When both cytokines were administered preoperatively in the primary melanoma, 1 week before surgery, the resected tissues gave us a chance to evaluate the early effects of intralesional therapy. The pathology examination of the resected tissues showed complete tumor necrosis with massive pigmented histiocytes at the primary and the satellite. At the same time, the histiocytes were also noted in the regional lymph nodes.

Immunohistochemical studies showed overexpression of various immune cells at the injection sites and the lymph nodes. This approach is supported by a recent report showing that the number of tumor-infiltrating lymphocytes in the primary melanoma is an independent predictor of sentinel lymph node status and patient survival.5 Whether the activation of these cells at the tumor sites could be established by IL-2 alone remains unclear; in theory, it may require the presence of antigen-presenting cells to process the tumor antigens. Intralesional therapy can induce in vivo tumor-specific autoimmunity, regardless of tumor antigenic and genetic profiles, and can overcome tumor heterogeneity.

Conclusions

Intralesional therapy is less expensive and more effective than other approaches to cutaneous melanoma. These observations open up new possibilities for clinical trials. The strategy could be used to standardize the management of in-transit metastases and to initiate new approaches to adjuvant therapy in high-risk melanoma patients. ■

—E. George Elias, MD, PhD
University of Maryland at
St. Joseph Medical Center
Baltimore, Maryland

Disclosure: Dr. Elias reported no potential conflicts of interest.

References

1. Vaquerano JE, Cadbury P, Treseler P, et al: Regression of in-transit melanoma of the scalp with intralesional recombinant human granulocyte-macrophage colony-stimulating factor. Arch Dermatol 135:1276-1277, 1999.

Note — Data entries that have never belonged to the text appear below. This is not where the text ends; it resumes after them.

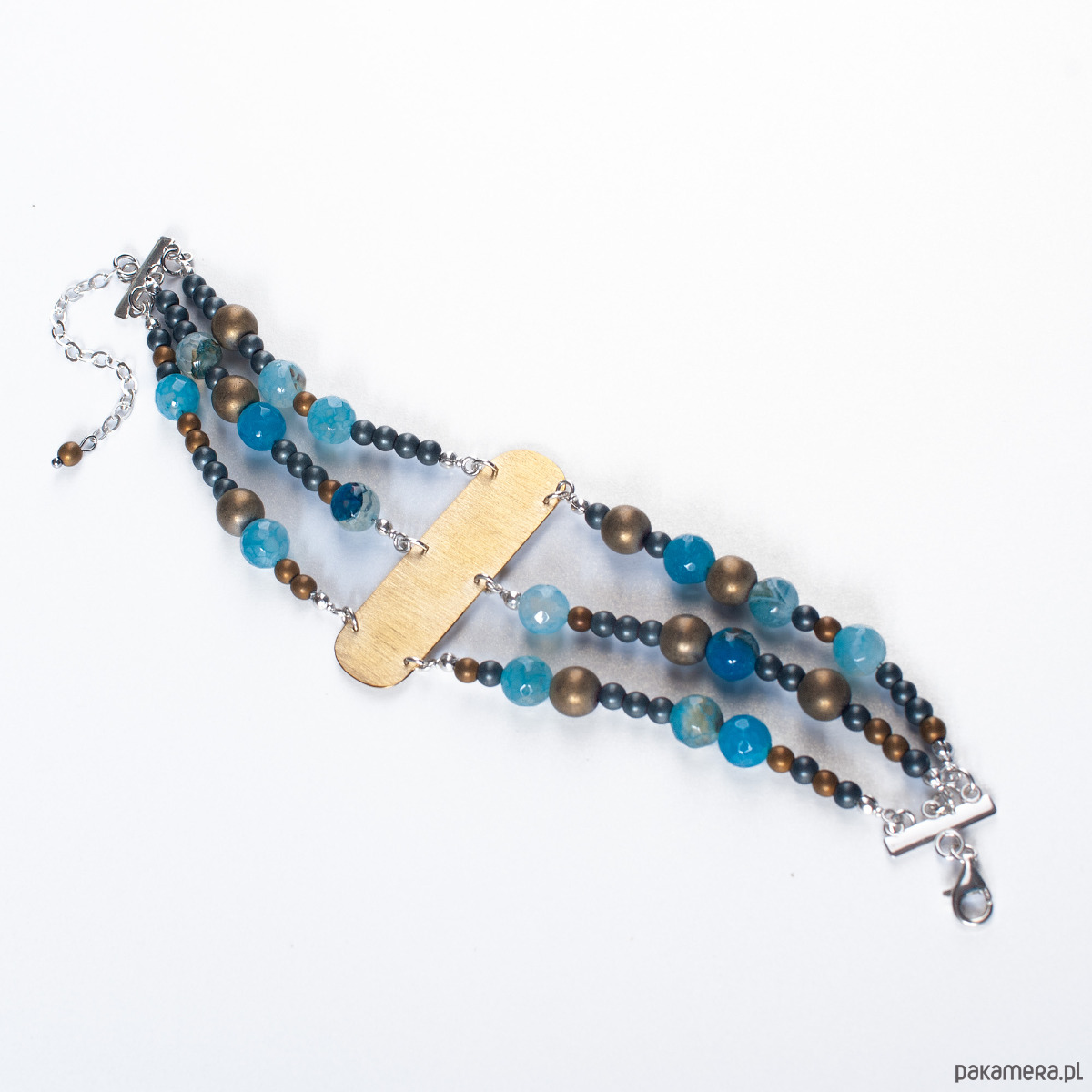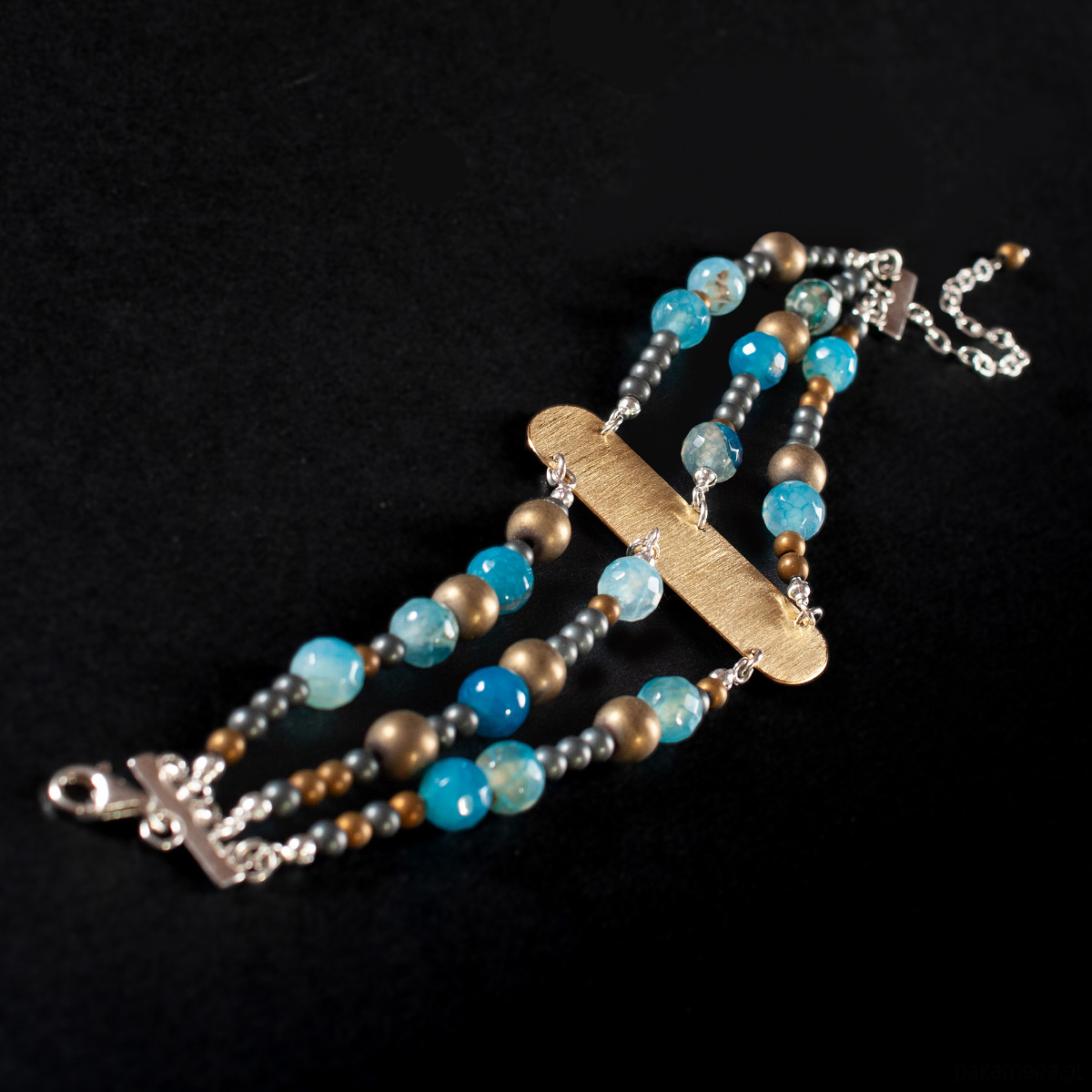 Efektowna, trzyrzędowa bransoletka z kolekcji SZAMANKA. W centralnym miejscu znajduje się łączący wszystkie rzędy satynowy, prosty element z mosiądzu. Delikatnie mieni się i połyskuje przyciągając uwagę. Rozłożone nieregularnie po prawej i lewej stronie agaty i hematyty zachwycają różnorodnością odcieni. Połączony z zapięciem srebrny łańcuszek daje możliwość zwiększenia długości. Wykorzystane elementy metalowe zrobione są ze srebra 925. Bransoletka wykonana jest ręcznie według własnych projektów w pracowni Anillo. Biżuterię starannie pakujemy i wysyłamy w eleganckim kartoniku.
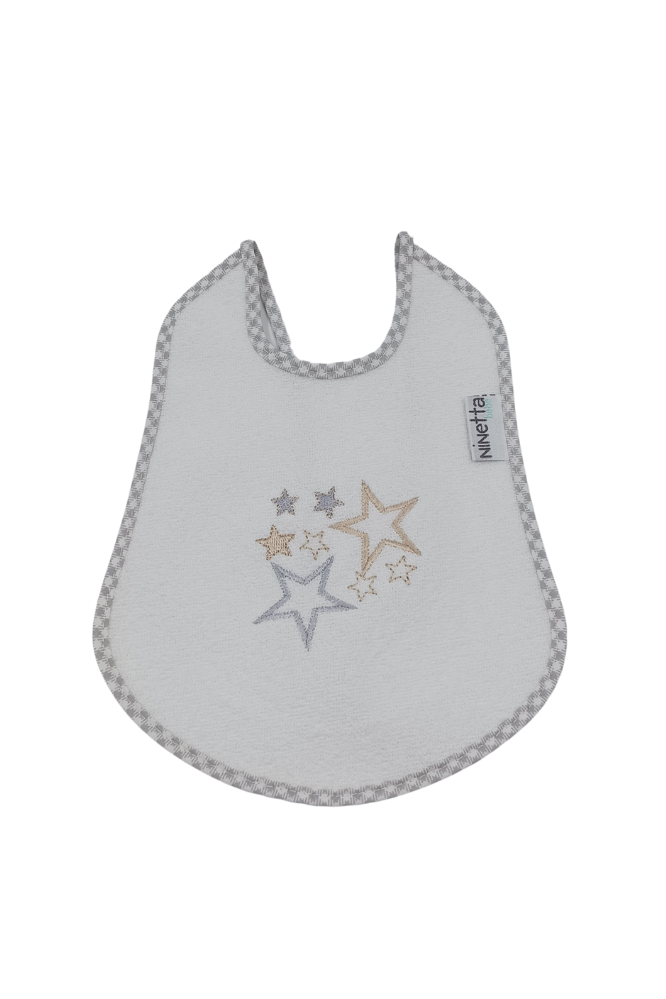 Σαλιάρα λευκή, πετσετέ με πλαστικό και καρώ ρέλι σε γκρι χρώμα.
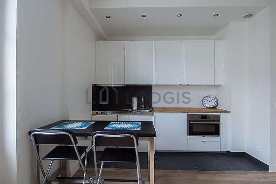 Cet appartement dispose d'une belle cuisine avec du carrelage au sol et tout l'équipement nécessaire pour votre quotidien : plaques de cuisson, réfrigerateur, micro onde combiné, hotte, grille pain, bouilloire électrique, cafetière, etagère, placard, vaisselle, 2 chaise(s), bar.
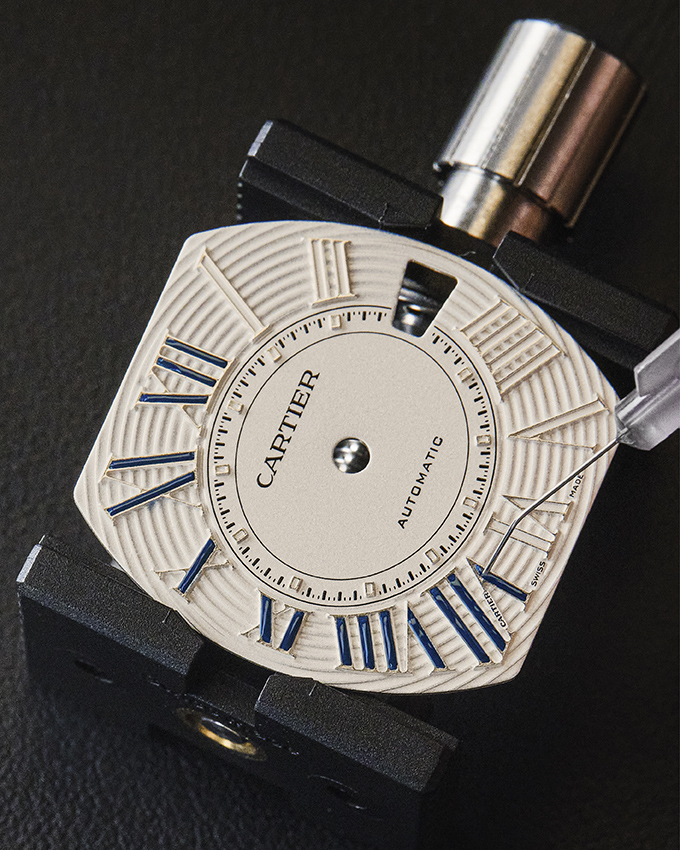 The other news here is the option for a black obsidian dial with the gold model. It’s genuine volcanic stone from Mexico, measuring just 0.3mm thick. As you can imagine, it’s incredibly delicate and requires immense skill from Cartier’s watchmakers to cut, polish, and set it into the watch. The other two models in the trio have classic silvered sunray dials with black Roman numerals and blued steel hands. This new trio is powered by Cartier’s extra-thin caliber 430 MC hand-wound movement.

2. Weide B, Derhovanessian E, Pflugfelder A, et al: High response rate after intratumoral treatment with interleukin-2: Results from a phase 2 study of 51 patients with metastasized melanoma. Cancer 116:4139-4146, 2010.

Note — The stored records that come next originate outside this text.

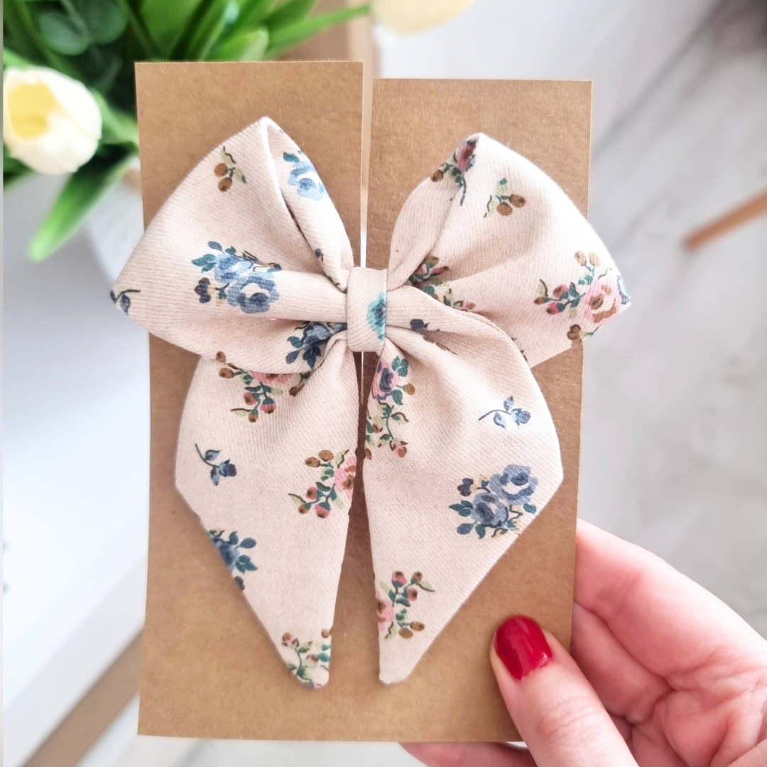Kokardka Elen – spinka beżowa w niebieskie i róż kwiatki
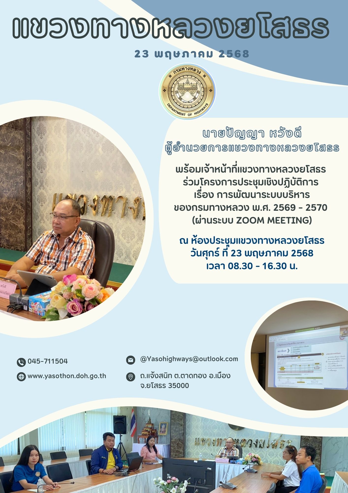 ประชุมคณะอนุกรรมการพิจารณากำหนดและปรับปรุงเงื่อนไขในใบอนุญาตประกอบการขนส่งไม่ประจำทาง ด้วยรถที่ใช้ในการขนส่งสัตว์หรือสิ่งของประจำจังหวัดยโสธร ครั้งที่ 4/2568
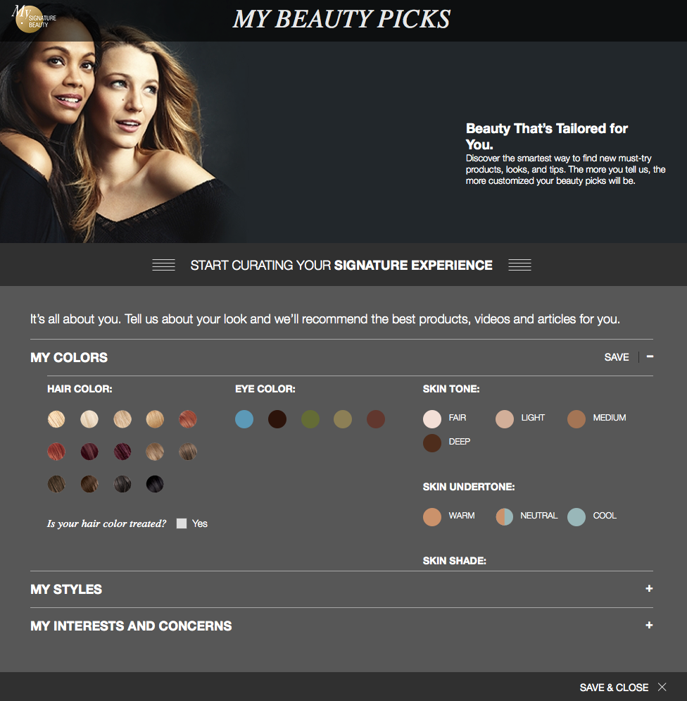 Centrum preferencji L’Oreal Paris. Spośród podanych opcji odbiorca może szybko wybrać swój typ urody, określić swój ulubiony styl oraz wybrać tematykę, która go najbardziej interesuje.

3. Nasi ML, Lieberman P, Busam KJ, et al: Intradermal injection of granulocyte-macrophage colony-stimulating factor (GM-CSF) in patients with metastatic melanoma recruits dendritic cells. Cytokines Cell Mol Ther 5:139-144, 1999.

4. Elias EG, Sharma BK: Targeting melanoma sites in vivo can induce complete tumor ablation and prolong patient survival: An exploratory study. J Cancer Sci Ther 5:244-248, 2013.

5. Azimi F, Scolyer RA, Rumcheva P, et al: Tumor infiltrating lymphocytes grade is an independent predictor of sentinel lymph node status and survival in patients with cutaneous melanoma. J Clin Oncol 30:2678-2683, 2012.